Smashing Decentralized Databases Together for Fun and Science

REFERENCE
14 min read

A year ago, our founder and CEO Tim wrote a blog post about the recent explosion of interest in decentralized databases. You can read it here. If you like learning about cool new technologies, you should read that first.

In Tim’s post, he defines “decentralized” as:

  • Offline first: The database needs to be usable even when you’re not connected to the network.
  • Sharing: Changes must be able to propagate the network.
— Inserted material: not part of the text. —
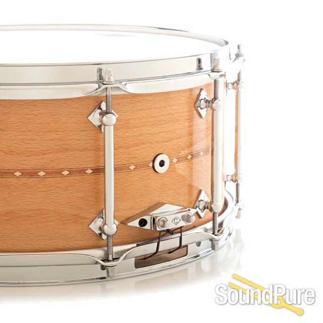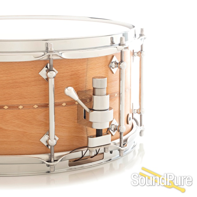 This Craviotto Custom Beech snare drum delivers excellent attack and quick decay in an un-assuming package. Outfitted with baseball bat bearing edges, this snare has great body in multiple tuning ranges. The finish is simple and elegant, allowing the inlay and natural grain of the beech shell with maple reinforcing rings to reveal themselves. The classic tube lugs tune easily and hold tune easily as well. It also is equipped with the Trick throw-off, which has really become the industry standard for custom companies. Since their inception, Craviotto drums have been considered some of the most sought-after instruments in the world. It is their craftsmanship and commitment to quality that has set their work apart from all of the rest. Once you hit one of these incredible drums, you'll see why it's no wonder so many players go to Craviotto to find their sound.

Nodes can form consensus on the state of the database.
  • Fault Tolerant: A disappearing or misbehaving node shouldn’t make you lose or corrupt data.
  • Trustless: Users in a network don’t have to know or trust each other. So sharding technologies that require coordination like Apache Druid or MySQL Cluster don’t count.

Tim’s post provides a great view of the ecosystem and categorizes the different core design principles that decentralized databases have. I'm going to take that idea even further.

How it Started

See, if you've read any of our other blog posts, you've probably seen our catchphrase:

Dolt: It's like Git and MySQL had a baby.

A family tree with an octopus, a cat, and a dolphin

Git and MySQL had a baby. Somehow.

But combining Git and MySQL made me wonder what other things we can combine. If Git + MySQL = Dolt, then what about Postgres + RSync? GraphQL + Emacs?

A DALL-E generated picture of an offspring of the Android Bugdroid and the GNU wildebeast.

It's like Android and GNU had a baby.

This isn’t entirely silly. Talking about “adding” two applications helps us understand what features each one is bringing to the table. It lets us break them down into their atomic parts and give those parts names. And once we do that, we can understand how two applications differ by comparing these “atoms”.

Imagine a supercollider for database software: We’re not just mashing random concepts together for fun.

We’re doing it for science.

Starting Simple

Let’s start by imagining the simplest possible version of a decentralized database, based on Tim’s definition above. It would probably look something like this:

  • A client connects to a known peer (of which there can be many) and requests a specific content-addressed chunk by sending the content hash to the server.
  • The peer responds with the full chunk that corresponds to that hash, and the client verifies it.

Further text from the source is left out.